He also loves the food, to be sure.

Kaufman’s go-to order after all these years remains the same: a regular burger, small fry and a Diet Coke.

“I’ve always liked just a regular burger,” he said. “That’s the classic, pure McDonald’s taste.

“Many times you’ll also see me walking out with an ice cream cone; that’s my dessert.”

Ray Kroc meeting

Today, according to Kaufman, McDonald’s “probably” sells more chicken than beef.
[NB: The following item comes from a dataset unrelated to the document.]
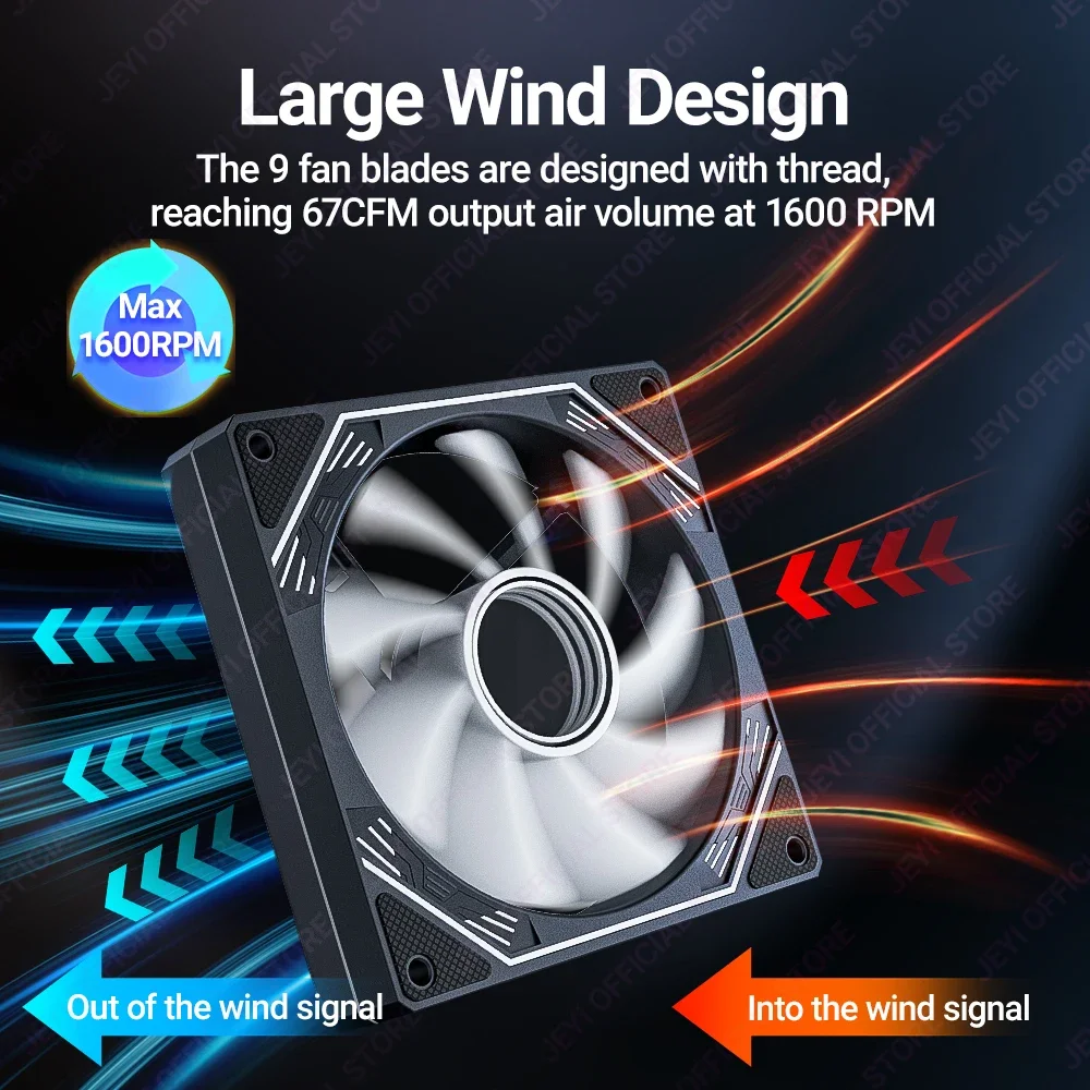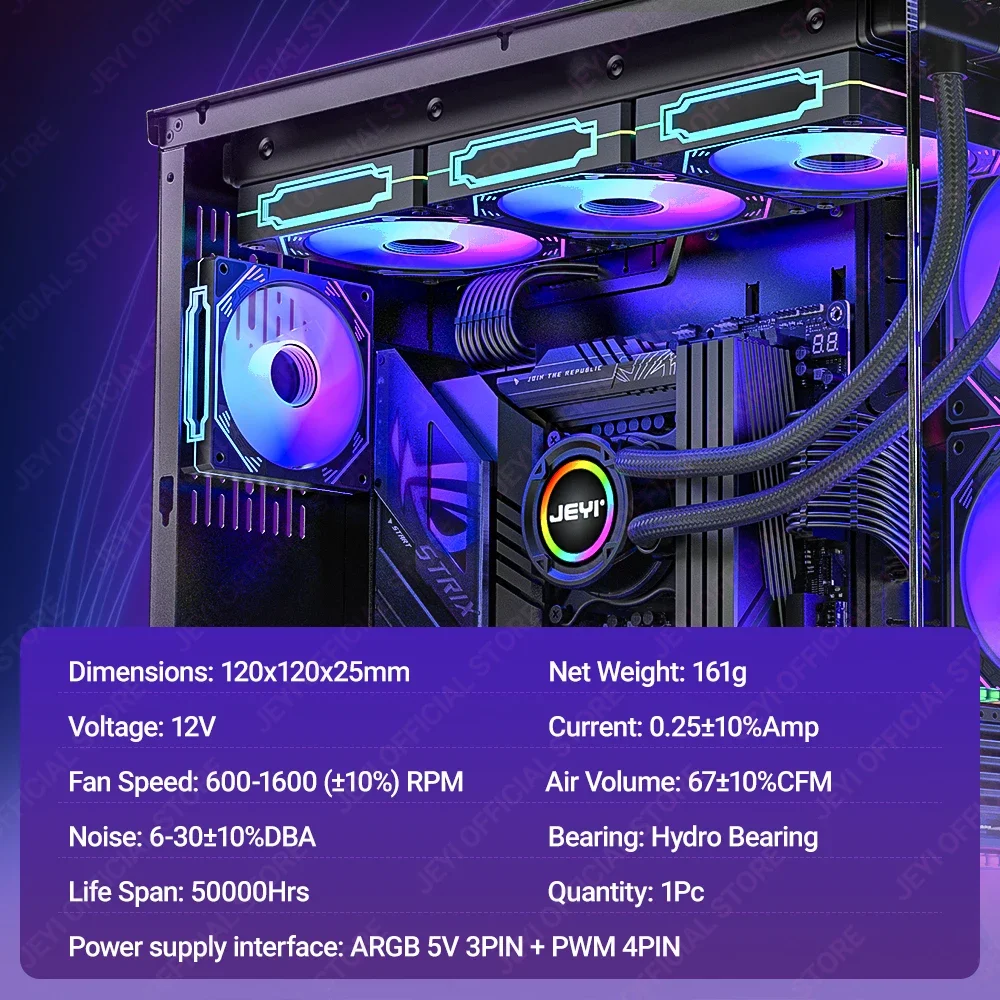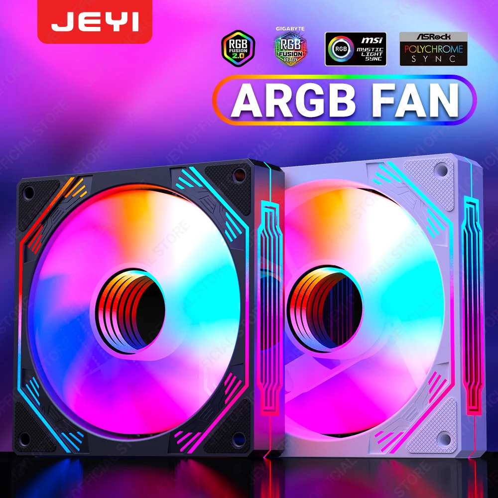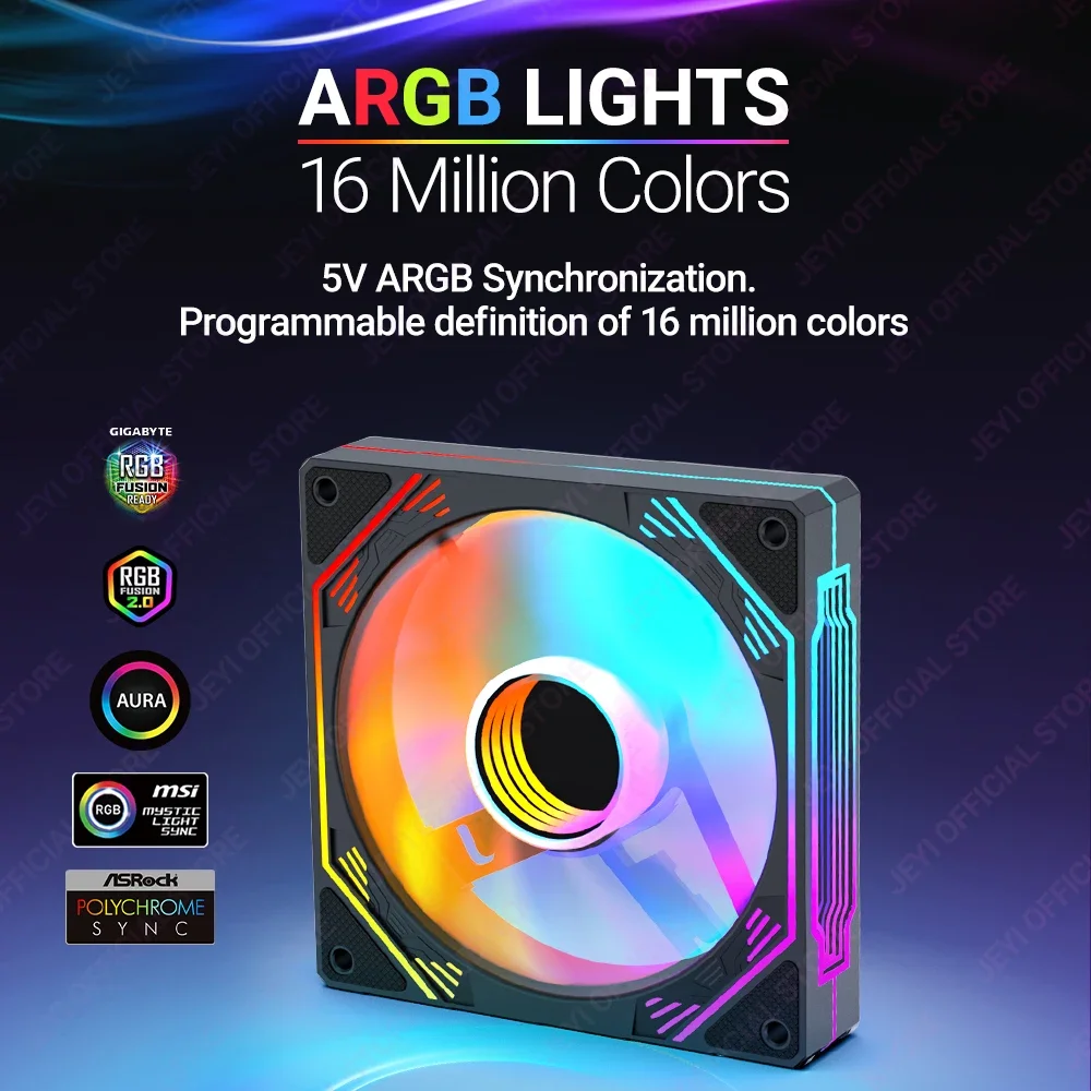 Comprar JEYI-ventilador ARGB de 120mm para PC, disipador de calor Ultra silencioso con 4 pines PWM, 5V, ARGB 3 pines, sincronización direccionable/puerto RC

Online reports corroborate this.

Kaufman couldn’t say the percentages, as he didn’t know, but the shift from burgers to chicken over the combined decades reminded him of something Kroc said in the 1970s, in response to a question about what changes the next 20 years might bring to the company.

“I don’t know what we’re going to be selling, but whatever it is we’ll be selling more than anybody else,” Kaufman said, quoting Kroc.

The two had actually met, when Kroc was in his 80s, and in a motorized wheelchair, “zipping around, creating havoc,” Kaufman recalled.

He introduced himself to Kroc, and mentioned his father-in-law’s name on a whim.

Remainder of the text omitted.